● **What to do**
In the entries that follow, find the line containing "① 「戸塚駅」橋上改札を出て、西口方面へ進みます。" and the line containing "- 轨迹生成:将路径转换为基", then retype exactly the lines from the first through the second, pictures excluded.

● **Data supplied**
----
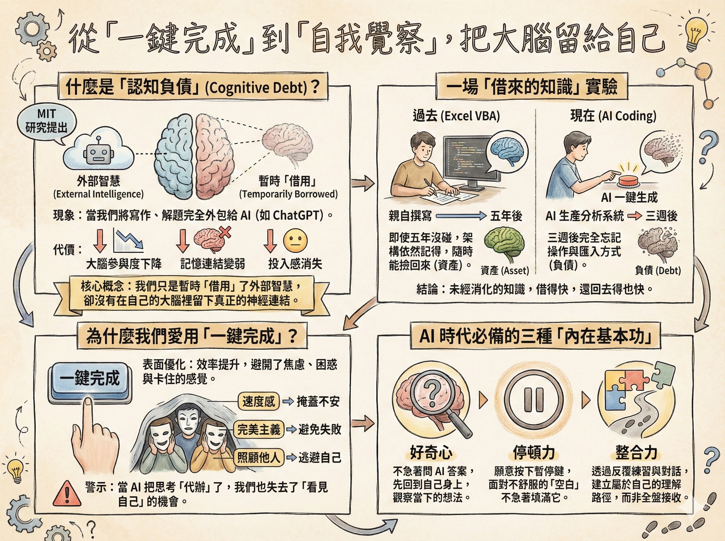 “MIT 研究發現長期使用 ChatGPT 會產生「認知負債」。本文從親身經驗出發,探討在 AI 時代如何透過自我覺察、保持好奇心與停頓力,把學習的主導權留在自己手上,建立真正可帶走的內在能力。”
----
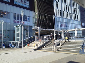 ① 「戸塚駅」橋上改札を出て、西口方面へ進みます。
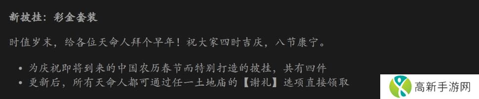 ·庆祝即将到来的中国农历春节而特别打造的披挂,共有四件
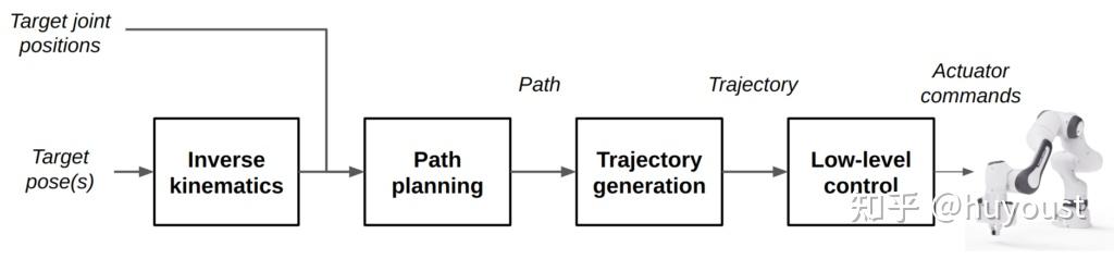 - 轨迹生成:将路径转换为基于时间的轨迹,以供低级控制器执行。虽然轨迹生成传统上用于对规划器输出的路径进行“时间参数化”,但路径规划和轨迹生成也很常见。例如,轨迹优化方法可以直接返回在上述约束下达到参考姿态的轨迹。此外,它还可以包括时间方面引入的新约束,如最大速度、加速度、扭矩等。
----
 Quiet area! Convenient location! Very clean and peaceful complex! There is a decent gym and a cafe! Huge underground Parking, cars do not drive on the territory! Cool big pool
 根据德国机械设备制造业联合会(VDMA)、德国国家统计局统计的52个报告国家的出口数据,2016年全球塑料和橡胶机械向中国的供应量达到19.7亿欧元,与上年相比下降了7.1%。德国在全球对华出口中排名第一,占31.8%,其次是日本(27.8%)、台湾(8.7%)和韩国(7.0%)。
----
● **Problem solution**
 ① 「戸塚駅」橋上改札を出て、西口方面へ進みます。
 ·庆祝即将到来的中国农历春节而特别打造的披挂,共有四件
 - 轨迹生成:将路径转换为基于时间的轨迹,以供低级控制器执行。虽然轨迹生成传统上用于对规划器输出的路径进行“时间参数化”,但路径规划和轨迹生成也很常见。例如,轨迹优化方法可以直接返回在上述约束下达到参考姿态的轨迹。此外,它还可以包括时间方面引入的新约束,如最大速度、加速度、扭矩等。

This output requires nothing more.